Use the [Wine Quality Red dataset](https://archive.ics.uci.edu/ml/machine-learning-databases/wine-quality/winequality-red.csv) from UCI.

**Rules:**
- Use only NumPy (not Pandas, not scikit-learn, not SciPy)
- Download, load, and manipulate the data with NumPy only

###1. What is the shape of the data array? (How many wine samples and how many columns of features does it have?)

###2. Calculate the average (mean) quality score of the red wines. (Hint: this is the mean of the last column in the data array.)

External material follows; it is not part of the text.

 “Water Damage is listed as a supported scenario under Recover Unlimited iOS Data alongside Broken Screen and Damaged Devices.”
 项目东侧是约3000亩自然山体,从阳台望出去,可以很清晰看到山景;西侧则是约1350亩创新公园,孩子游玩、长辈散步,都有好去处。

###3. What are the minimum and maximum pH values observed in the dataset? (Use NumPy to find the smallest and largest pH.)
###4. Determine the mean and standard deviation of the alcohol content in these wines. (Calculate the average alcohol percentage and how much it varies.)
###5. List all the unique quality ratings present in the dataset. (What distinct quality values appear? Use np.unique on the quality column.)
###6. How many wine samples have a quality rating of 7? (Count the number of entries where the quality column is exactly 7.)
###7. How many wines have an alcohol content greater than 10%? (Hint: create a boolean mask for alcohol > 10 and sum it or use np.where.)
###8. What is the average citric acid concentration across all red wines? (Compute the mean of the citric acid column.)
###9. Determine the median residual sugar content in the dataset. (Hint: you can use np.median or np.percentile with 50th percentile to find the median residual sugar.)
###10. What is the 75th percentile (upper quartile) of the alcohol content? (In other words, 25% of the wines have an alcohol content above what value?)

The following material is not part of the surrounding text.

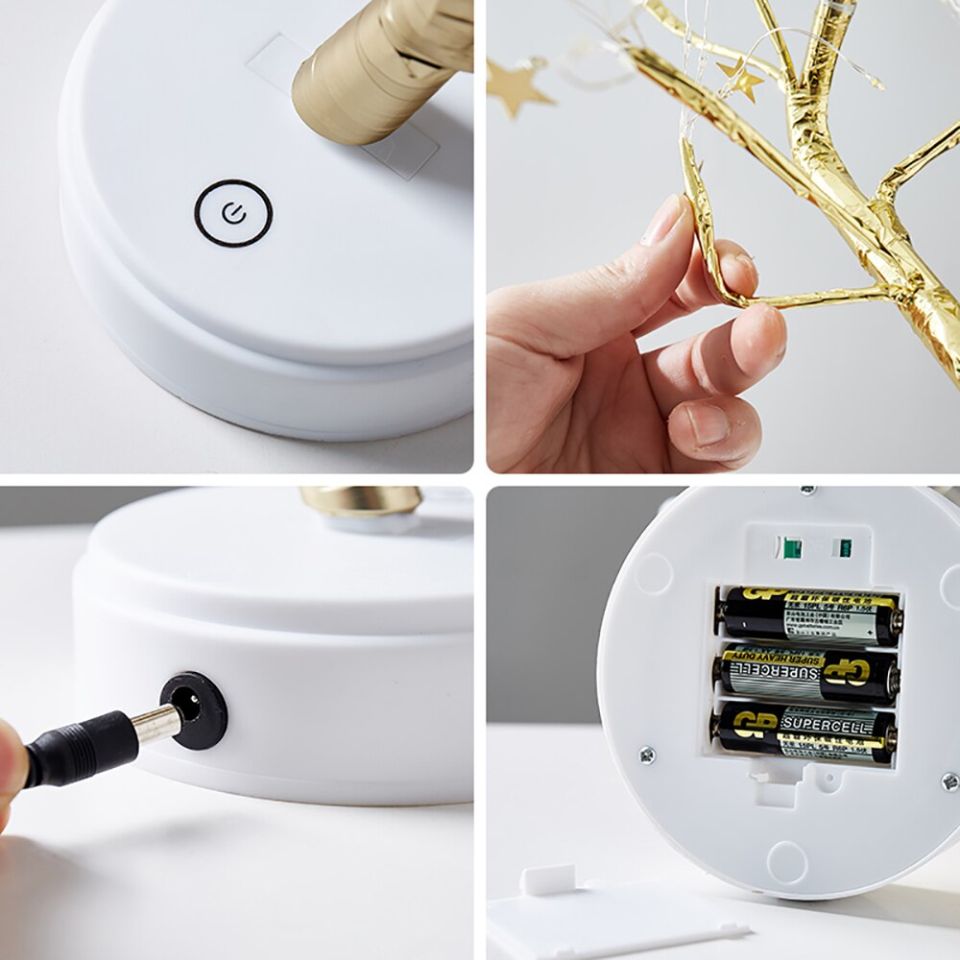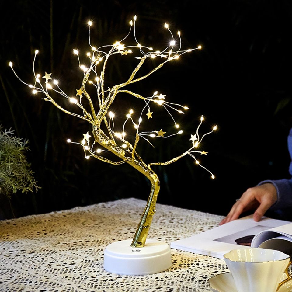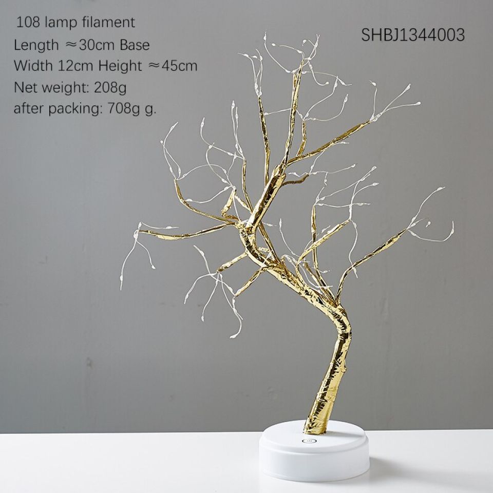 - Light up your space with this festive decor piece featuring a tree-shaped metal lamp.

###11. determine how many wines fall into each quality score category. (Find the count of samples for each unique quality value.) Which quality rating is most common in the red wine dataset?

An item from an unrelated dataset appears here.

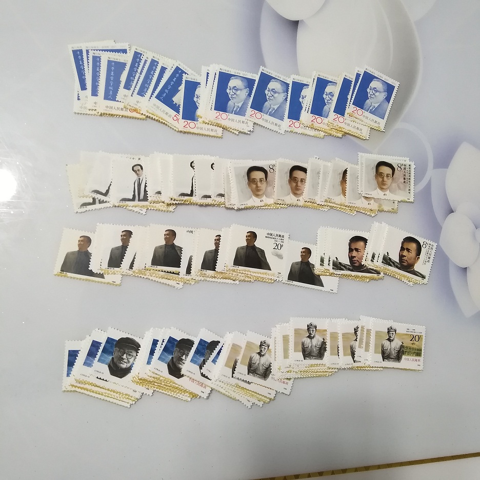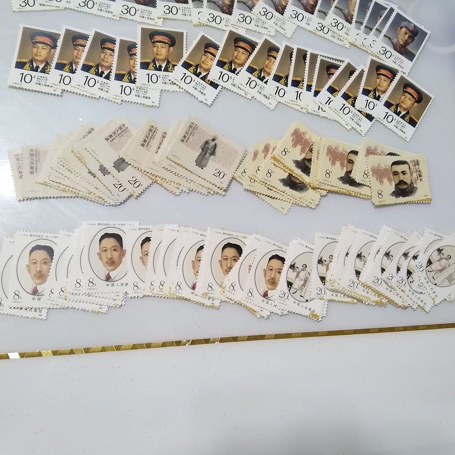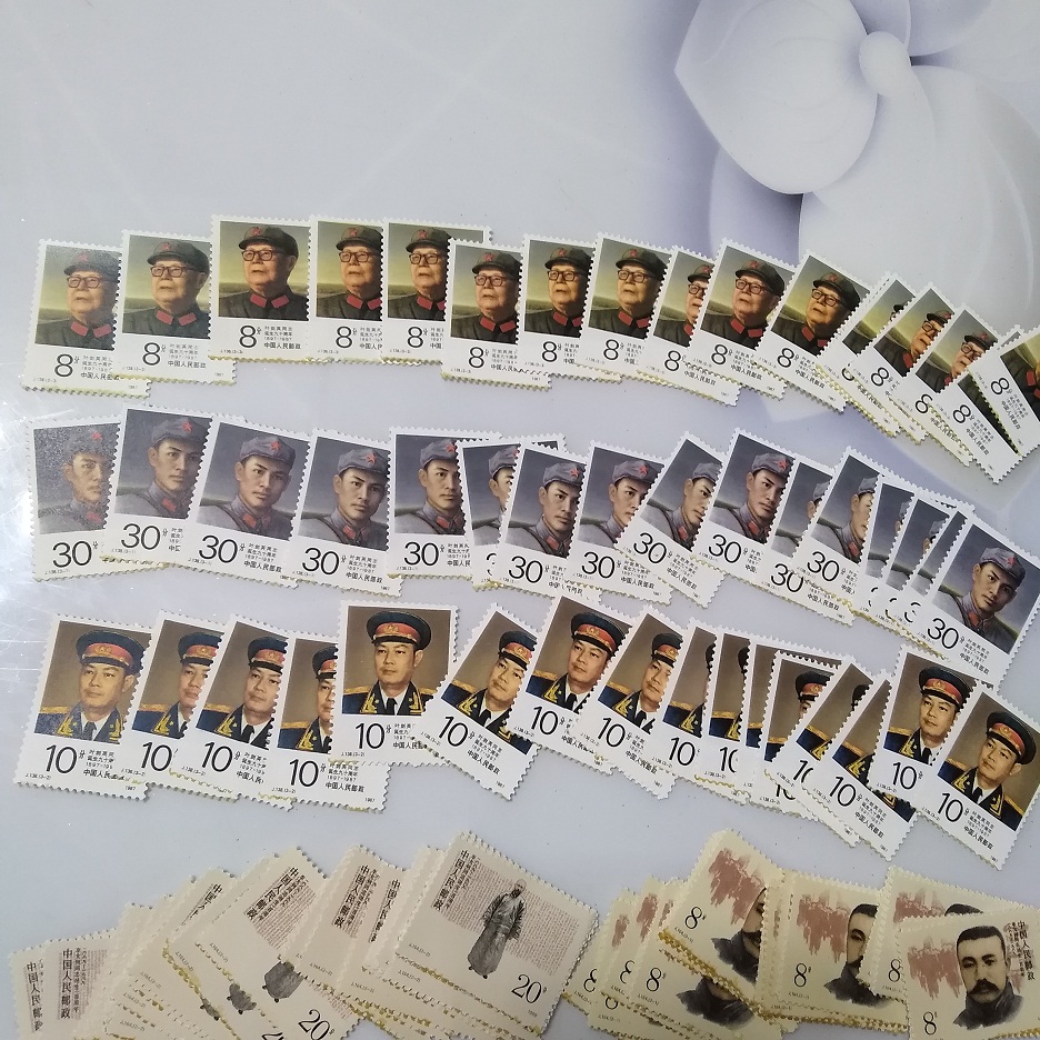 87年叶剑英17套下边齿轻微粘胶无缺角 89年李大钊31套----------89年瞿秋白29套 88年陶铸32套--------------87年廖仲恺26套 90年张闻天40套----------91年陶行知25套 以上产品册拆出有粘胶,极少数缺角, 处理价没退换的 共售450元包邮

###12. Which five wine samples have the highest alcohol content? Identify their alcohol values and corresponding quality scores. (Hint: use np.argsort to sort by the alcohol column and pick the top 5 entries.)
###13. Do wines with higher alcohol content tend to have higher quality? To investigate, compare the average quality of wines with above-average alcohol to those with below-average alcohol. (Calculate the mean quality for wines where alcohol is above the overall average, and compare it to the mean quality for wines where alcohol is below the average.)
###14. Compute the average alcohol percentage for each quality score in the dataset. (Group the data by the quality column and calculate the mean alcohol content for each quality value. Which quality level has the highest average alcohol content?)
###15. Define total acidity as the sum of fixed acidity and volatile acidity for each wine. First, calculate the total acidity for every sample. Next, add this as a new column to the dataset (so the array now has 13 columns). Which wine has the highest total acidity, and what is its quality rating? (Find the index of the max total acidity and check the quality at that index.)
###16. Compute the Pearson correlation coefficient between alcohol content and quality. (Use NumPy to see if higher alcohol correlates with higher quality. A positive correlation would indicate that as alcohol increases, quality tends to increase.)
###17. How many wines have quality >= 7 and alcohol > 10%? (In other words, count the wines that are high quality and also have relatively high alcohol. Use a boolean condition combining both criteria.)
###18.Which feature exhibits the greatest variability among all the wines? (Calculate the standard deviation of each feature column (consider the 11 physicochemical features) and identify which feature has the highest standard deviation.)
###19. Compare the mean volatile acidity of high-quality wines versus lower-quality wines. (Consider wines with quality ≥ 7 as "high quality" and those with quality ≤ 6 as "lower quality". Compute the average volatile acidity in each group. Do high-quality wines have lower volatile acidity on average?)
###20. What is the highest quality score attained by any red wine in the dataset, and how many samples achieved that score? (Find the maximum value in the quality column, and count how many wines have that maximum quality.)